In following request, for example:

curl --get 'https://pds.nasa.gov/api/search/1/classes/collections' \
    --data-urlencode 'limit=10' \
    --data-urlencode 'q=(pds:Primary_Result_Summary.pds:processing_level eq "Raw")' \
  --data-urlencode 'fields=pds:Primary_Result_Summary.pds:processing_level' | json_pp

The properties structure of the response current contains:

 "properties" : {
            "lidvid" : [
               "urn:nasa:pds:mess_ns_raw:data_edr::1.0"
            ],
            "ops:Label_File_Info.ops:file_ref" : [
               "https://pds-geosciences.wustl.edu/messenger/mess-e_v_h-grns-2-ns-rawdata-v1/messns_1001/data/collection_data_edr.xml"
            ],
            "ops:Tracking_Meta.ops:archive_status" : [
               "archived"
            ],
            "pds:File.pds:creation_date_time" : [
               "2018-06-28T00:00:00Z"
            ],
            "pds:Modification_Detail.pds:modification_date" : [
               "2018-06-18T00:00:00Z"
            ],
            "pds:Primary_Result_Summary.pds:processing_level" : [
               "Raw"
            ],
            "pds:Time_Coordinates.pds:start_date_time" : [
               "2004-08-12T19:01:02Z"
            ],
            "pds:Time_Coordinates.pds:stop_date_time" : [
               "2015-04-30T18:53:47Z"
            ],
            "product_class" : [
               "Product_Collection"
            ],
            "ref_lid_instrument" : [
               "urn:nasa:pds:context:instrument:ns.mess"
            ],
            "ref_lid_instrument_host" : [
               "urn:nasa:pds:context:instrument_host:spacecraft.mess"
            ],
            "ref_lid_investigation" : [
               "urn:nasa:pds:context:investigation:mission.messenger"
            ],
            "ref_lid_target" : [
               "urn:nasa:pds:context:target:planet.earth",
               "urn:nasa:pds:context:target:planet.mercury",
               "urn:nasa:pds:context:target:planet.venus"
            ],
            "title" : [
               "MESSENGER NS Raw (EDR) Data Collection"
            ],
            "vid" : [
               "1.0"
            ]
         },

Now we only want:

 "properties" : {
 "pds:Primary_Result_Summary.pds:processing_level" : [
               "Raw"
            ],
}

The other fields comes from the defaults json structure where these values are needed (start time, title...).

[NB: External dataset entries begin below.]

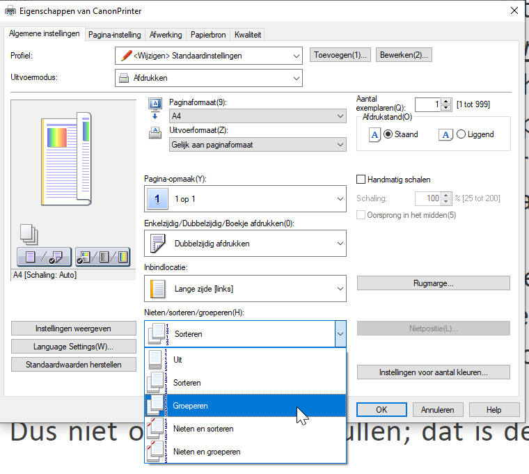 Wanneer je nu een document afdrukt krijg je de opties "Nieten en sorteren" en "Nieten en groeperen" erbij.
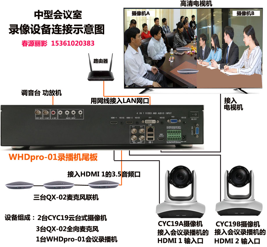 1台12倍云台式高清会议摄像机CYC19、1台QX-01全向麦克风、1台春源丽影WHD-01 高清网络录播机。
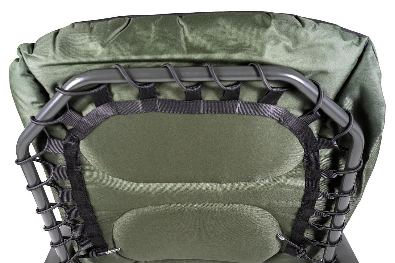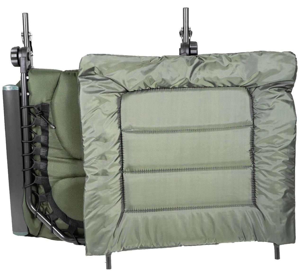 9 см. Сталева конструкція крісла потужна і, в той же час, максимально полегшена за рахунок алюмінієвих підлокітників. Для більшої зручності, в комплекті йде чохол для транспортування, Вам більше не треба шукати куди всунути крісло, або докупати чохол. Спинка регулюється під будь-яким кутом, аж до горизонтального положення, конструкція фіксатору- закрутка, більш надійніша. Завдяки тому, що конструкція крісла кріпиться болтами, можна легко зняти тканину для прання і без проблем кріпити обважування для риболовлі. При необхідності можна зняти підлокітники.У верхній частині крісла знаходиться м'яка подушка, окремо не потрібно буде брати з собою. У середній частині крісла передбачена додаткова вставка з наповнювачем з дихаючої тканини, завдяки чому, менш втомлюєшся і не буде жарко при довгому знаходженні на кріслі. Тканинна основа більше ніж ширина крісла, що в свою чергу при розкладеному кріслі, заходить на труби і підлокітники, і відповідно захищає від дотику з металом.Приставка має спеціальну тканинну вставку зі здатністю відштовхувати бруд і воду, але все ж, якщо вам вдасться її забруднити, то ви легко зможете видалити бруд з даної ділянки.Матрац з наповнювачем з піни створить вам ідеальні умови для комфортного відпочинку.
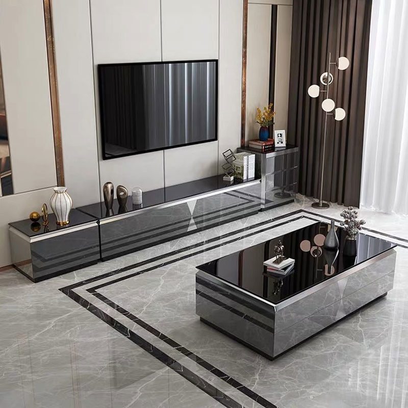Stainless Steel Gold Coffee Table Italian Luxury Design Marble Top
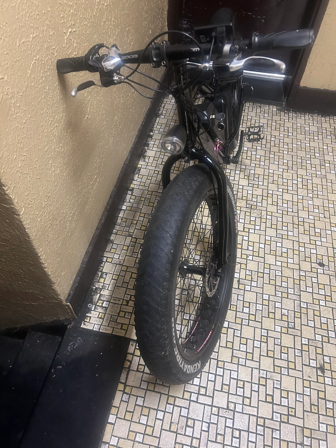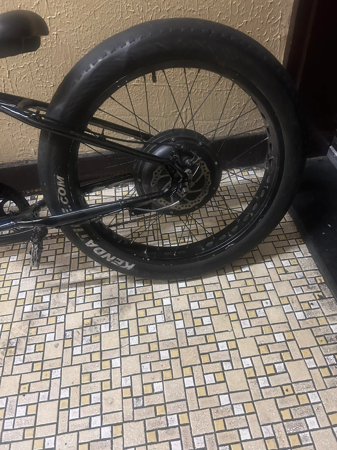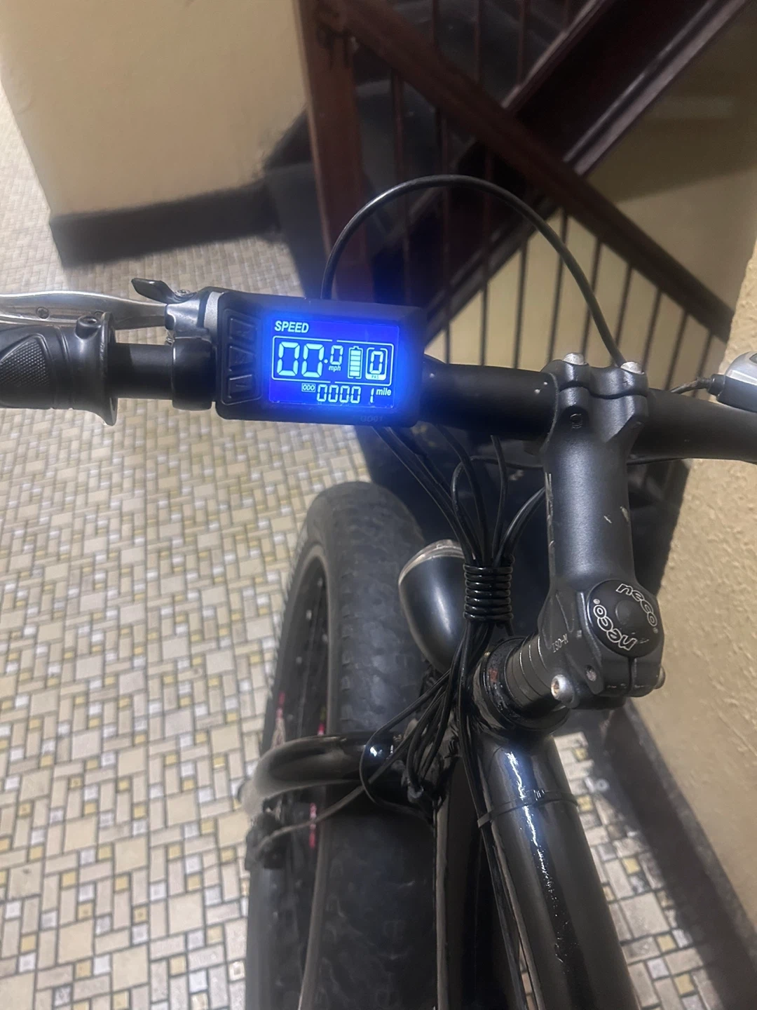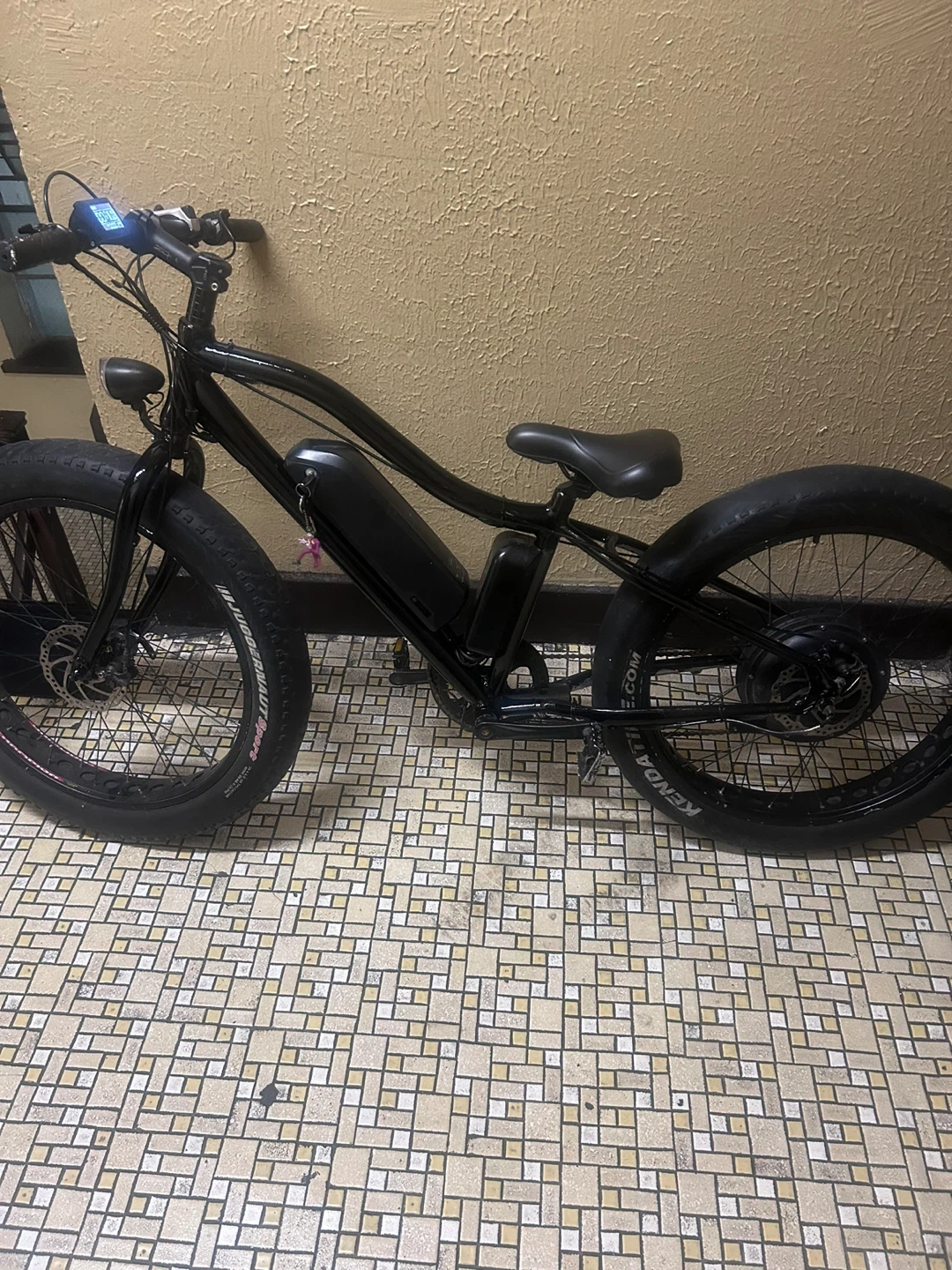 65Selling a black electric bike with fat tires! It features a digital display showing speed and battery level. The tires are Kenda brand. Great for cruising around town or hitting some trails
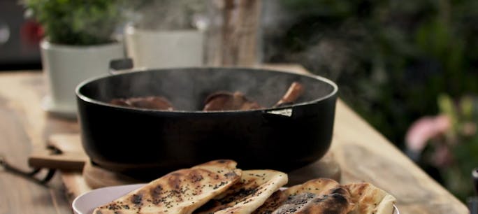 Festmåltid med en touch av det marockanska köket - Bräserad lammlägg med naanbröd
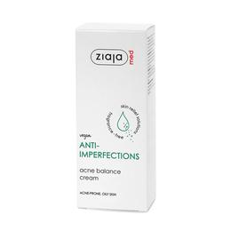 Crema Anti-imperfectiuni pentru Ten Gras/Mixt - Ziaja Med Anti-Imperfections Acne Balance Cream, 50 ml: crema antiacneica usoara, pentru adolescenti si adulti. Normalizeaza activitatea glandelor sebacee. Accelereaza exfolierea stratului cornos. Reduce formarea punctelor negre. Calmeaza pielea suprasensibila. Produs vegan, cu 90% ingrediente de origine naturala. Produs recomandat de la varsta de 12 ani. Crema este recomandata pentru piele mixta, grasa, predispusa la acnee.
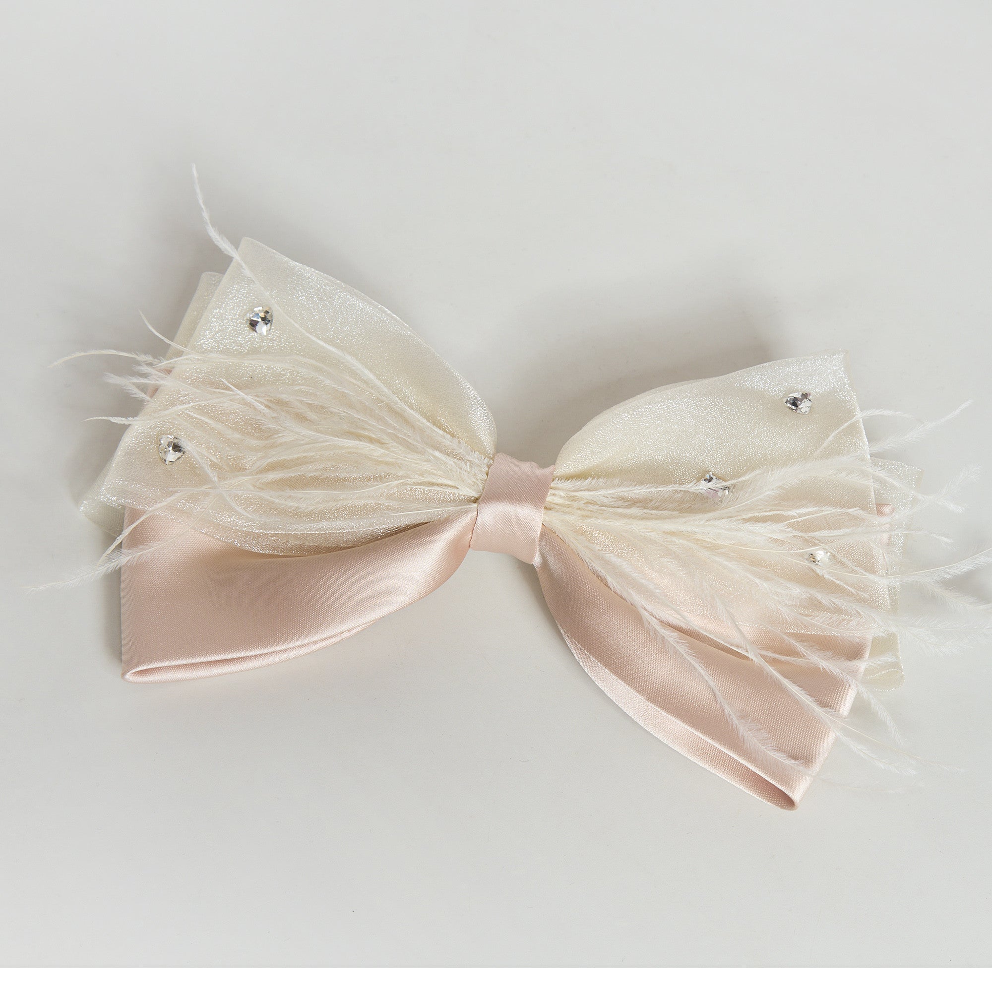 Clama de par cu pene delicate este un accesoriu rafinat care adauga un aer sofisticat si elegant oricarei coafuri.
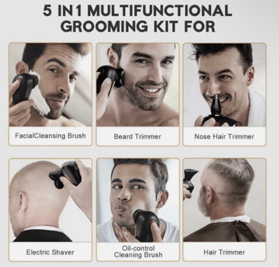 5-in-1 Rotary Electric Shaver 4D Rechargeable Bald Head Hair Beard Trimmer Razor

We don't wnat to see them anymore not to confuse the user.

Same applies to the summary.properties part of the response.

Acceptance Criteria

Given an API server When I perform a request with a fields parameter and a the default response format application/json Then I expect to only see the requested field in the properties substructures.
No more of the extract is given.